Of the various homages given this past week for Queen Elizabeth’s life of service to her country, foremost was the repeated honoring of her commitment to faithfully, graciously uphold the titular role her heritage and tradition required. Within the enormous privileges of her life, she remained above all a “servant leader” whose duty seemed to supersede her own personal preferences and needs. I am particularly impressed with her initial speech after her ascension to the throne when she spoke so earnestly about her vow of commitment and service, and I believe she humbly and honorably remained true to that vow. And for that I add my deepest appreciation for the exemplary model of grace and leadership she provided for England and for all of us.
And now King Charles III has followed with his vow of service, and I wonder what that commitment actually means to him. Will he also provide a similar level of selfless dedication as Queen Elizabeth? We can only wish him well.
The ritual of vows has stirred my interest this week in what it means to make a vow and why it is so rare we do so. Vows are different than pledges or oaths. They are meant to have a sacred quality as a solemn promise or assertion. We mostly associate the word vow with marriage ceremonies and monastic commitments, or, in military parlance, a sworn oath. They imply a bond that transcends self. They are meant to be enduring. They are intended to provide stability for the sake of oneself as well as for the others to whom a vow is made. As I write this I am filled with admiration for those willing to take what is often a courageous commitment of long-standing faithfulness even in our wedding vows. Vows are big deal commitments, and I understand why couples may be so reluctant to make this commitment - even often omitting the traditional part of “until death do us part” from contemporary vows!.
It is relatively easy to explain why making a vow is so difficult. A prevailing mindset in contemporary culture is to keep our options open and commitments to a minimum. Although there may be a number of reasons to maintain our “fluidity” during these times of incredible social flux, I wonder what it means for us personally and as a society to be so untethered, so reluctant to enter into the “sacred” space of a covenant with those we love and with the environment and life in general.
Perhaps we are actually making vows but not calling them that. We tell our children, for example, that we will always be there for them, and we may assume our children make that same commitment to us. And informally at least most of us who work for climate justice and peace and justice issues in general do so out of a sacred commitment to honor and protect “that of God” in all we love.
But the shadow side of making a public vow is our deeply entrenched cultural bias toward individualism. We consciously or subconsciously protect our personal freedom and choice, often above most all else. We are wary of subjecting ourselves to accommodating others and sacrificing or loosing our individual rights. We too easily equate maintaining our liberty with happiness.
But I wonder if that is wise. When we enjoy deeply committed marriages, for example, we realize how profoundly important they are to our overall well being when they offer us mutual commitment for love and life-long support. And for many of us a deeply committed life of faith also provides us with a reliable basis for hope as we honor the power of an ultimate source of compassionate justice .

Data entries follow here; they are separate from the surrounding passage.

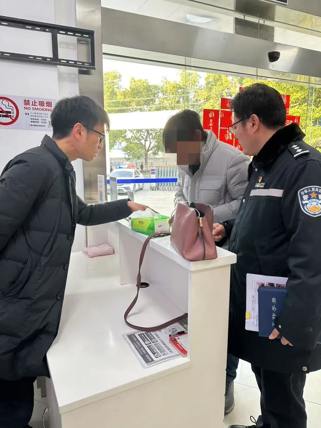 华亭派出所在稍晚时候也接到居民关女士的一起报案。据了解,关女士一家人今年正好回安徽老家过春节,本来开着自家小车,满心欢喜地踏上归乡路,却不慎在中途休息时丢了手提包,包中有一万多元现金和全家人的身份证及银行卡,十分焦急。民警在信息比对的过程中发现,两起报案的线索吻合度极高,随后,关女士的亲属张先生来到派出所认领失物。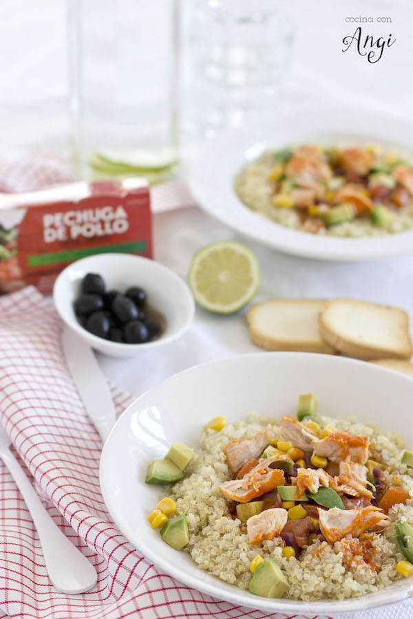 Por cierto ¿He oído otoño? pues bueno, sólo tenéis que leer mis publicaciones de estas fechas de años anteriores para saber qué opino acerca de la llegada del otoño. Que de verdad que no tengo nada en contra de esta estación, es sólo que, por muchas razones, adoro el verano. Es que parece que con el otoño y especialmente con octubre todo se acelere, a penas hay tiempo para hacer nada, las horas son las mismas pero la sensación con la falta de luz, pues no. Hay que organizarse de otra manera si queremos sacar provecho de los días y ver a la gente. Así que la verdad es que gracias a platos como esta Quinoa Tex Mex con pollo pues consigo aprovechar más el tiempo ya que puedo hacer para un par de veces porque se conserva muy bien.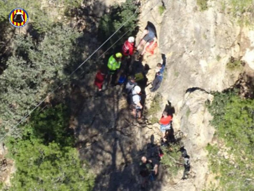 El grupo de rescate de altura GERA de los bomberos han rescatado este mediodía a un hombre que ha sufrido un accidente en una zona montañosa de Enguera. El herido se encontraba haciendo la Vía Ferrata de Godalla cuando se ha lesionado el pie mientras pasaba por una zona con tirolina.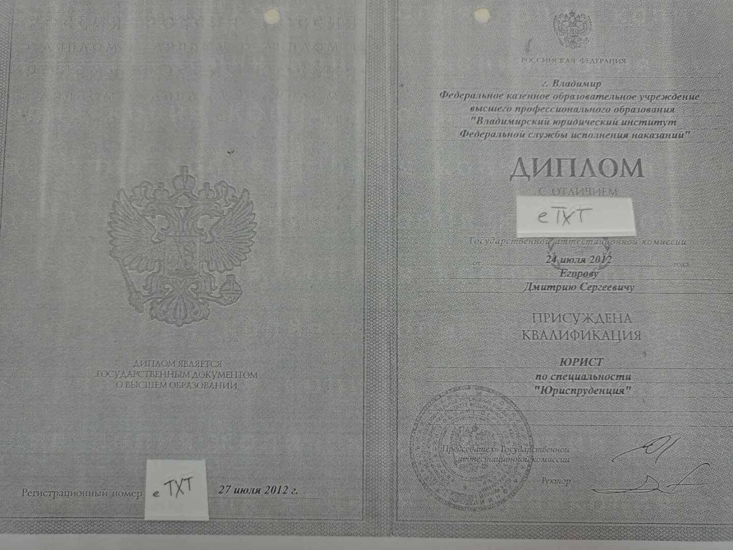 Высшее•Владимирский юридический институт Федеральной службы исполнения наказаний•Юриспруденция (Юрист)•Владимир•год окончания: 2012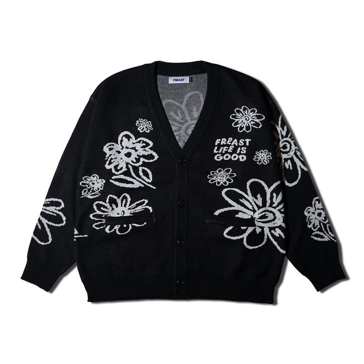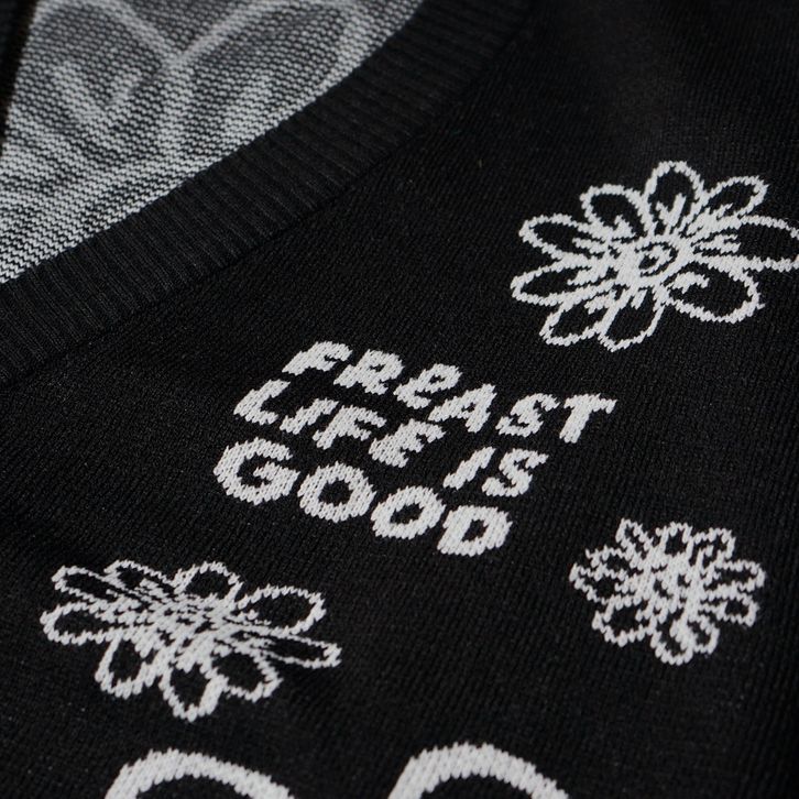 Kardingan Knit Freast Life Is Good Black Cardigan Rajut Pria Cardigan Oversize Original Distro Kekinian

But, yes, we are essentially a skeptical and questioning people as we cope with so many lies and uncertainty in these chaotic days. Long term commitments in the form of sacred vows will be difficult for us. But maybe it would be good for us to at least test ourselves about whether we need to pay closer attention to opportunities for sacred commitments and vows in our lives, even public ones. You can explore how that might be so in your personal life. For me that means I want to live each day, each moment, with a vow to honor all that touches my life with profound reverence.
I close by referring back to how much I admire the faithfully upheld vow of Queen Elizabeth to serve her country with grace, discipline and love for her people. May our lives be as faithful in our vows to a commitment of service to life and others.